_Data section_.
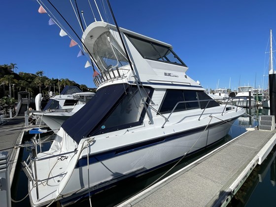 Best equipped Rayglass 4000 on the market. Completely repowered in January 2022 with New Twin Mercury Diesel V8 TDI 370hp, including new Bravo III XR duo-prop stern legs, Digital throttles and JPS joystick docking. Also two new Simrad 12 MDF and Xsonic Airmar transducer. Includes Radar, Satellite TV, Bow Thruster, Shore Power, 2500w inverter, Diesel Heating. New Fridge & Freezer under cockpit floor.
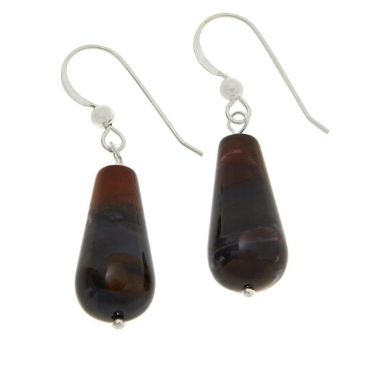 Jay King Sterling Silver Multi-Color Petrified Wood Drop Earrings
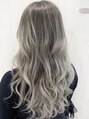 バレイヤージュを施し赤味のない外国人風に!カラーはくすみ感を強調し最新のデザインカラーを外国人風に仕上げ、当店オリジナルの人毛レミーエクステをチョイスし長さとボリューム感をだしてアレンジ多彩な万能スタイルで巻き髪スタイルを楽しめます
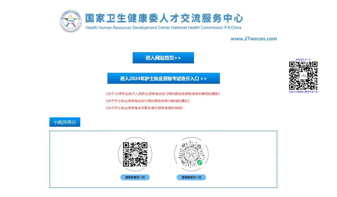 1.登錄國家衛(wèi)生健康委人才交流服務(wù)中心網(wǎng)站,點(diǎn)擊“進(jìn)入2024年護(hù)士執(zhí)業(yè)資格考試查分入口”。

_Problem_. Could you give again precisely the lines from the one containing "バレイヤージュを施し赤味のな" through the final line of the material above, both included, and no others, dropping the pictures?

_Exercise response_.
 バレイヤージュを施し赤味のない外国人風に!カラーはくすみ感を強調し最新のデザインカラーを外国人風に仕上げ、当店オリジナルの人毛レミーエクステをチョイスし長さとボリューム感をだしてアレンジ多彩な万能スタイルで巻き髪スタイルを楽しめます
 1.登錄國家衛(wèi)生健康委人才交流服務(wù)中心網(wǎng)站,點(diǎn)擊“進(jìn)入2024年護(hù)士執(zhí)業(yè)資格考試查分入口”。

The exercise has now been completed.